(INFORMATION SUPPLIED begins)

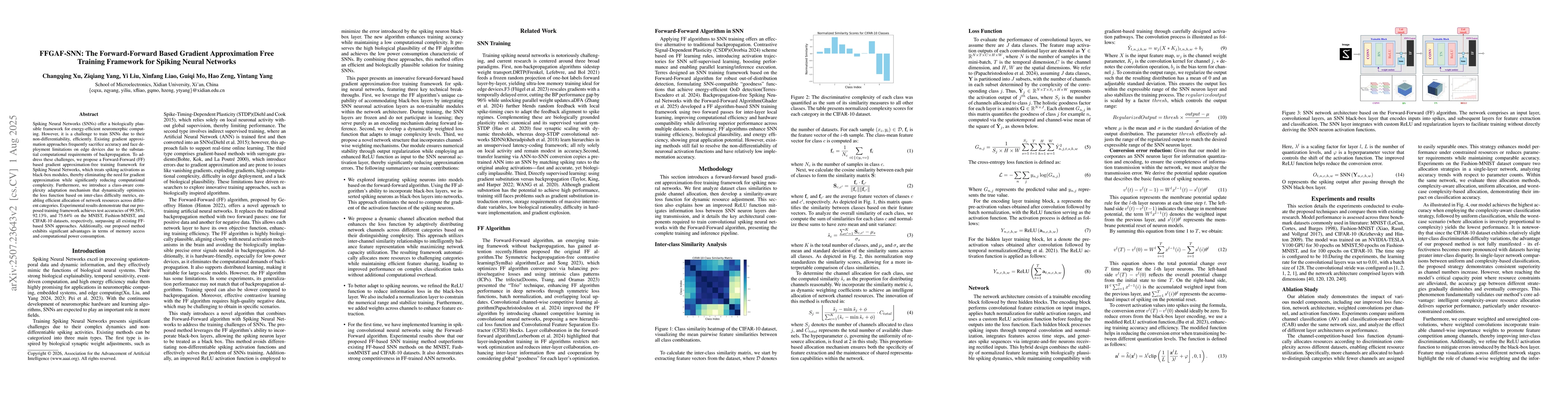 Spiking Neural Networks (SNNs) offer a biologically plausible framework for energy-efficient neuromorphic computing. However, it is a challenge to train SNNs due to their non-differentiability, efficiently. Existing gradient approximation approaches frequently sacrifice accuracy and face deployment limitations on edge devices due to the substantial computational requirements of backpropagation. To address these challenges, we propose a Forward-Forward (FF) based gradient approximation-free training framework for Spiking Neural Networks, which treats spiking activations as black-box modules, thereby eliminating the need for gradient approximation while significantly reducing computational complexity. Furthermore, we introduce a class-aware complexity adaptation mechanism that dynamically optimizes the loss function based on inter-class difficulty metrics, enabling efficient allocation of network resources across different categories. Experimental results demonstrate that our proposed training framework achieves test accuracies of 99.58%, 92.13%, and 75.64% on the MNIST, Fashion-MNIST, and CIFAR-10 datasets, respectively, surpassing all existing FF-based SNN approaches. Additionally, our proposed method exhibits significant advantages in terms of memory access and computational power consumption.
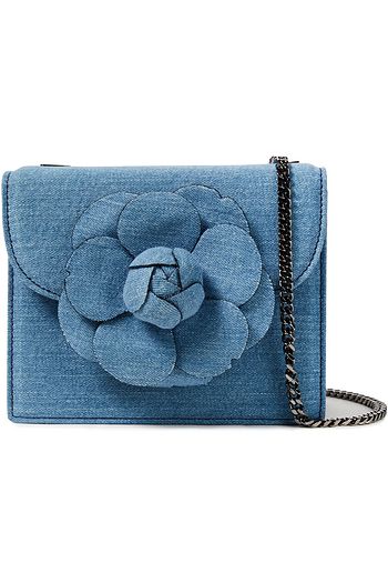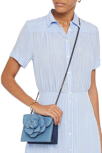Floral-appliquéd denim and faux suede shoulder bag
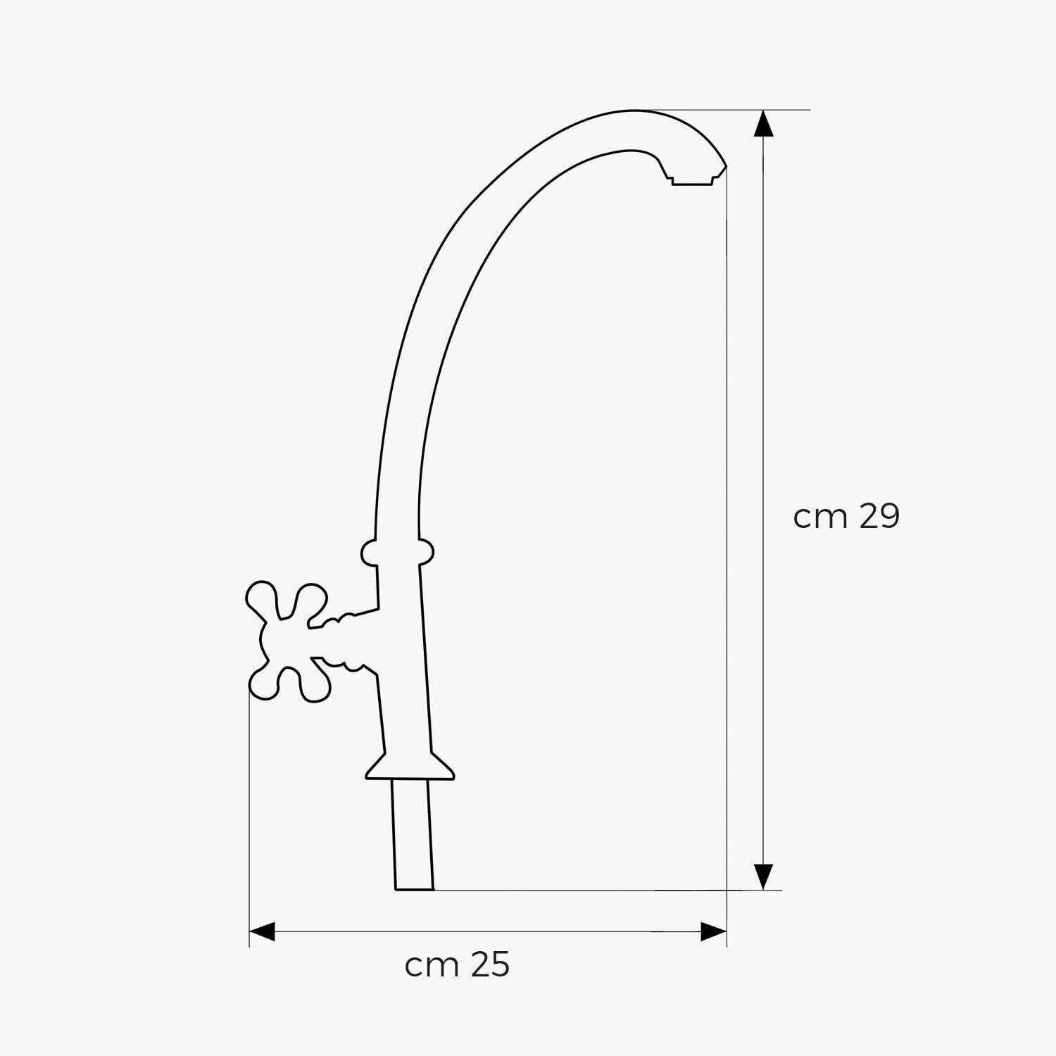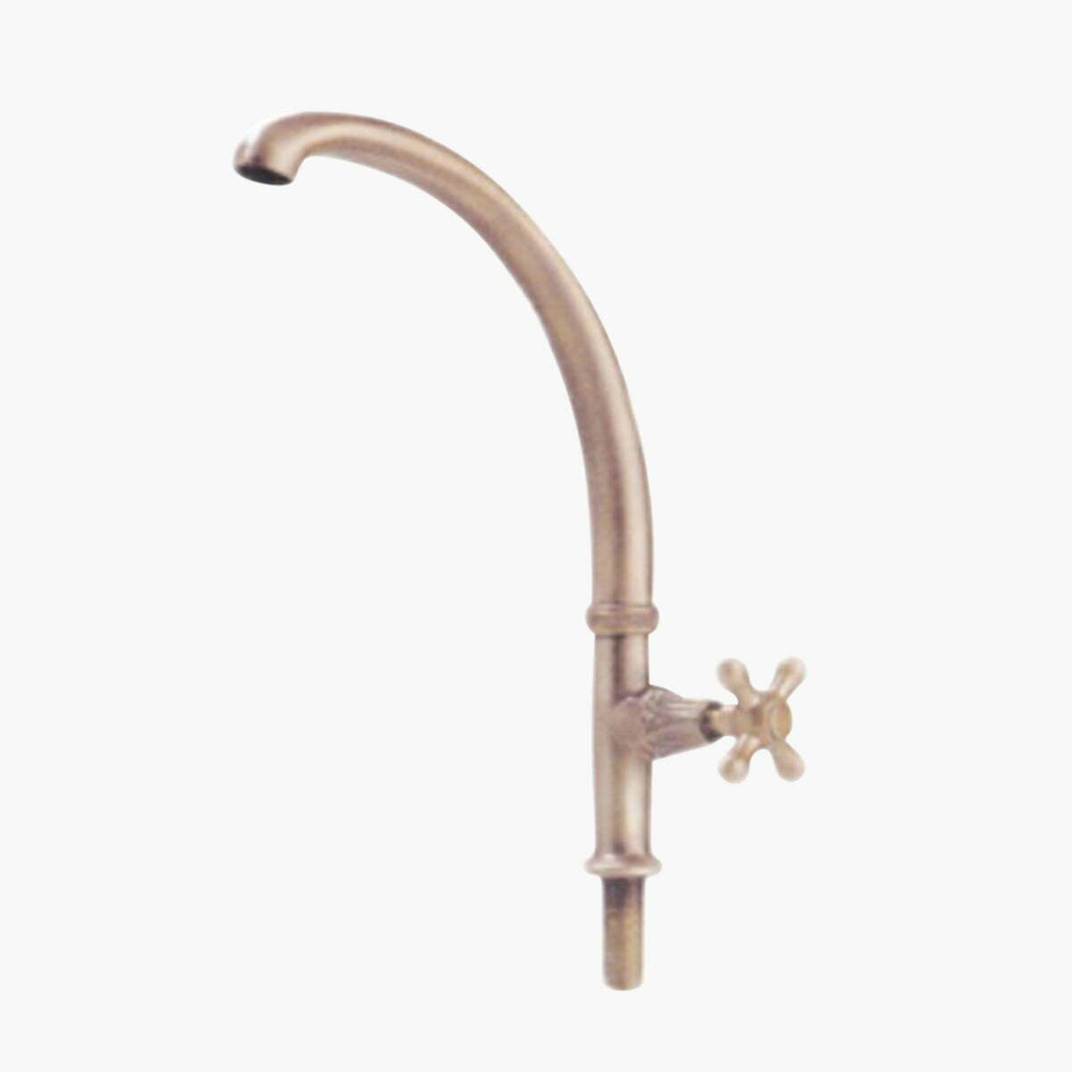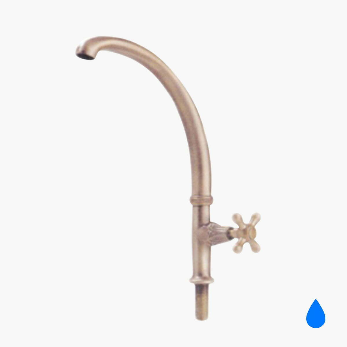 Il rubinetto per lavello da esterno con foro è un prodotto semplice ma di stile retrò, perfetto per esser collocato all’esterno su tutti i lavandini da giardino, terrazzo o balcone che hanno un foro soprapiano. Il rubinetto é resistente ad ogni intemperia, è composto da una canna alta e una manopola a croce. Disponibile nella colorazione vecchio ottone.

(INFORMATION SUPPLIED ends)

→ **YOUR OBJECTIVE**:
Give back the whole of the material exactly, with the pictures removed.

→ **OUTPUT BELOW**:
 Spiking Neural Networks (SNNs) offer a biologically plausible framework for energy-efficient neuromorphic computing. However, it is a challenge to train SNNs due to their non-differentiability, efficiently. Existing gradient approximation approaches frequently sacrifice accuracy and face deployment limitations on edge devices due to the substantial computational requirements of backpropagation. To address these challenges, we propose a Forward-Forward (FF) based gradient approximation-free training framework for Spiking Neural Networks, which treats spiking activations as black-box modules, thereby eliminating the need for gradient approximation while significantly reducing computational complexity. Furthermore, we introduce a class-aware complexity adaptation mechanism that dynamically optimizes the loss function based on inter-class difficulty metrics, enabling efficient allocation of network resources across different categories. Experimental results demonstrate that our proposed training framework achieves test accuracies of 99.58%, 92.13%, and 75.64% on the MNIST, Fashion-MNIST, and CIFAR-10 datasets, respectively, surpassing all existing FF-based SNN approaches. Additionally, our proposed method exhibits significant advantages in terms of memory access and computational power consumption.
Floral-appliquéd denim and faux suede shoulder bag
 Il rubinetto per lavello da esterno con foro è un prodotto semplice ma di stile retrò, perfetto per esser collocato all’esterno su tutti i lavandini da giardino, terrazzo o balcone che hanno un foro soprapiano. Il rubinetto é resistente ad ogni intemperia, è composto da una canna alta e una manopola a croce. Disponibile nella colorazione vecchio ottone.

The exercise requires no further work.